There is almost always some dreary chapter in the history of these representative men. In Pestalozzi's there were several; but the dreariest of all was the last.
There never was a movement which depended more entirely for success on the personal qualifications of its agents. We need not look further than the next street, or the next house, to see how one person differs from another in the faculty of genuine intercourse with children's minds. The smallness of the number of the well-endowed with this power, is the best reason for the large use of books in schools; and Pestalozzi's genius for companionship with inferior minds caused a too exclusive recourse to oral instruction.
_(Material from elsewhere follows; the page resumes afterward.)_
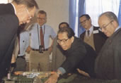 1986年,陪同杨振宁(右)参观北京正负电子对撞机模型,左一为叶铭汉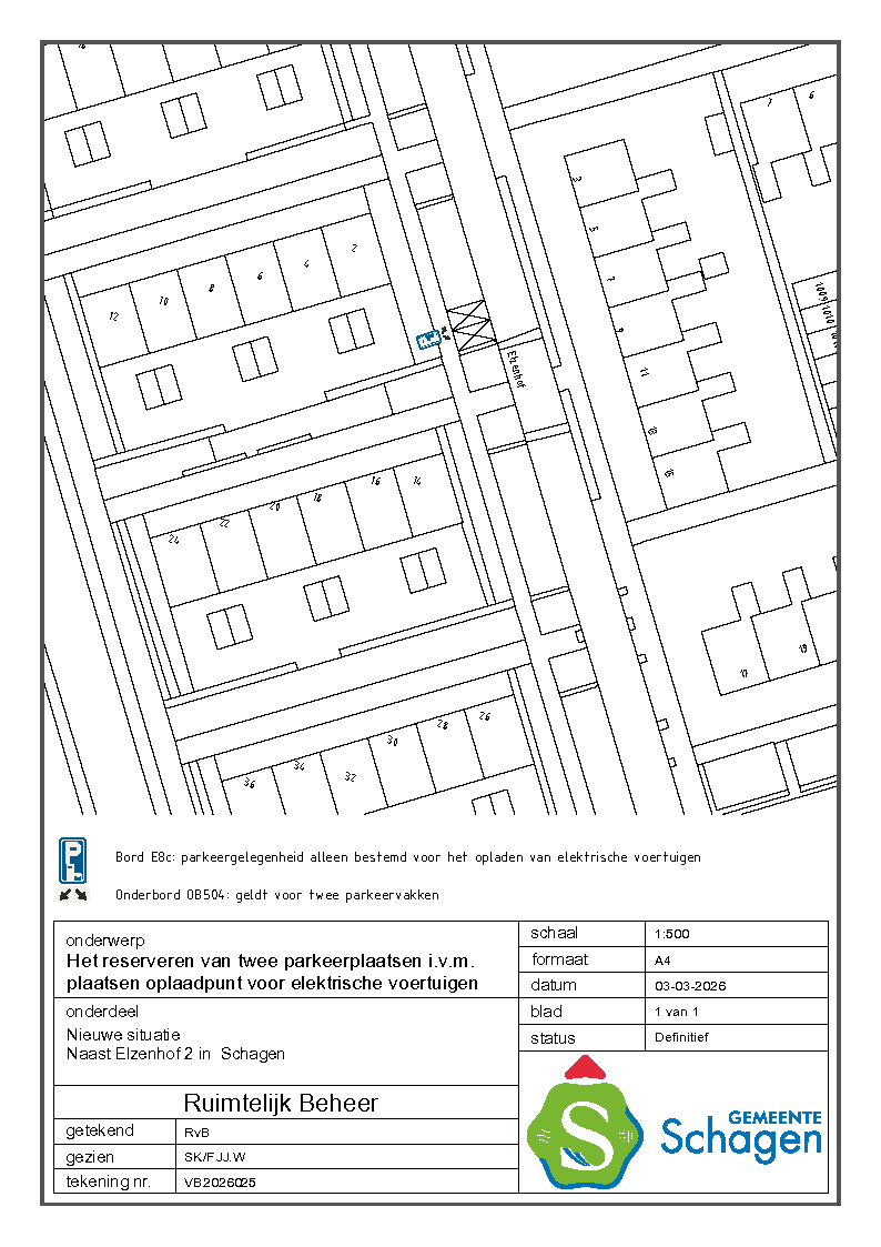 Gemeente Schagen- Verkeersbesluit reserveren van 2 parkeerplaatsen voor het opladen van elektrische voertuigen nabij Elzenhof 2, Schagen.

Thus, when assistants came upon the scene, there was diversity, disagreement, disappointment, and no little disorder. We need not go into the painful story of warring tempers and incompatible interests. The institution declined for some years, and then was broken up--the government of the Canton warning the manager of the concern, who acted in Pestalozzi's name, to leave the country.
It needs no explanation that Pestalozzi was in some respects weak. The failure of all his establishments and his inability to keep out of debt show this. His faculties of imagination and sympathy overpowered the rest of his mind. He early seized a great truth--that of the claim of every human being to the full development of his faculties, whatever they may be; and the concentration of his strongest powers on this great truth made him a social reformer of a high order. He was not a philosopher; he was not a man of good sense, or temper, or practical ability, generally speaking; though sense, temper, and ability appeared to be all transcendent in the particular direction taken by his genius. Among his inferiors--and particularly friendless children--he was a prophet and apostle; among men he was a child, and sometimes a perverse one.
He died at the age of eighty-one, preserving, in the midst of great pain, his enthusiasm for justice, his special love for children and the poor, and his strong religious sentiment. Two days before his death he spoke long and nobly, while taking leave of his family and his enterprises. His country, and we hope the world, has remembered his good offices to society, and forgiven his foibles.